Holding your head underwater for 30 seconds is different in degree from holding it under for 5 minutes. I'll leave it up to you to see the degree.
Business owners don't have a right to customers that are ignorant of the risks involved with use of their product.
Wha?
The question of when a special effort like this should be made to ensure informed consent is more of a pragmatic question in my view; not a question of a fundemental right of merchants to withold information about the risks associated with their goods.
Keep paving that road. You'll get there yet.
If you can't recognize which foods are unhealthier foods by the time you have health issues from diet, you've got far bigger problems.
Maybe, but at least this helps solve the smaller problem of lacking certain relevant information.

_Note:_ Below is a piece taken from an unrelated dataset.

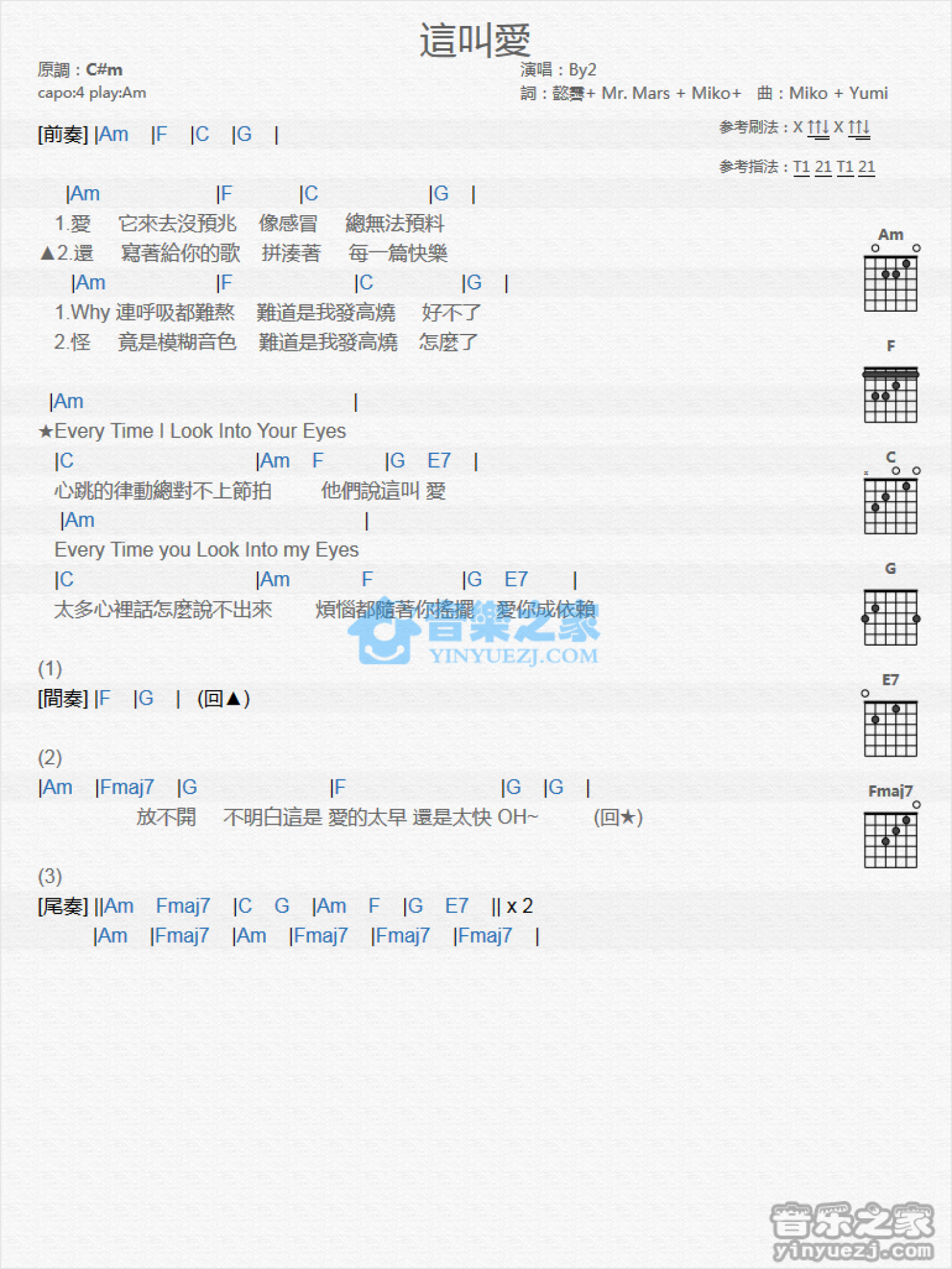 曲谱介绍: Am调版 By2《这叫爱》吉他和弦弹唱谱

You also seem to have a problem with my last paragraph.
Do merchants have a general right to withold information on the risks of their products?
Or are you arguing only for a more narrow right? Say, a right against being required to reiterate specific information, at the point of purchase, about risks that are already common knowledge.
If it is the former; what would you think of Mereck if (in a free market, FDA-less, parallel universe) they marketed Vioxx without mentioning any risks at all? Would they be within their rights? Patients are free try to contact the researchers who did the studies, or to do their own double blind study. And if thats too inconvenient, you can look for a company that says they disclose all their known risks. Indeed you'd have a hard time condeming even BG's Cyanide Lounge, since I would have a fundemental right to withold the relevant information.
If it is something like the latter, more narrow argument, then you can more readily distinguish between this calorie display thing and other situations in which dislosure is clearly necessary. But even then, what do you think of mandatory warning labels on cigarette packs? Does that violate the rights of tobacco merchants?
It is often the case (as with cigarettes in the early 1960s or certain foods today) that most people have a vague understanding that their is some risk (cancer, heart attack, weight problems, etc.) associated with the activity. However not everyone will be aware of these things. And those who are aware in that general sense might lack certain details that would be of interest to them in their decision-making process.
In such cases, I don't have a problem with government action (provided the burden it imposes is neglegible) calculated to bring such details to people's attention. For example, with the warning labels on cigarette packs, I wouldn't mind if they starting including a graph along with it, numerically illustrating the relationship between the level of consumption and the level of risk.
I don't know if you will see this post, but if so I recommend we continue this conversation in the Nicotine Vapors thread.
You also seem to have a problem with my last paragraph.
The only problem I have is that it's non-senseical.
I'll keep this short and sweet: You are attempting to draw sweeping analogies between food, let me repeate that for clarity, *food*, and hypothetical situations involoving poisoning and drug contra effects. It doesn't wash, not for a second.
It's food. Not contaminated food. Not radioactive food. Not food that will cause genetic mutations. Food, just food. Nothing special.
If you don't like the practice of non-disclosure of any restaurant, you are free to not dine there. Do you demand to know the caloric content of your steak at at the local bistro, or do you jut assume that it has high content and other things which the calorie-mided should avoid?
Get enough people who feel the same way you do, lobby the businesses to do so and they will change their practice if they know it will benefit them. Otherwise, it's just you and a few of other obsessed whiners who think that the tidal wave of the already publicly available nutritional information and research (not to mention the family doctor's advice that you have received your entire life) just isn't enough to educate them on healthy eating. No, it takes a state-mandated chart on the menu to do that.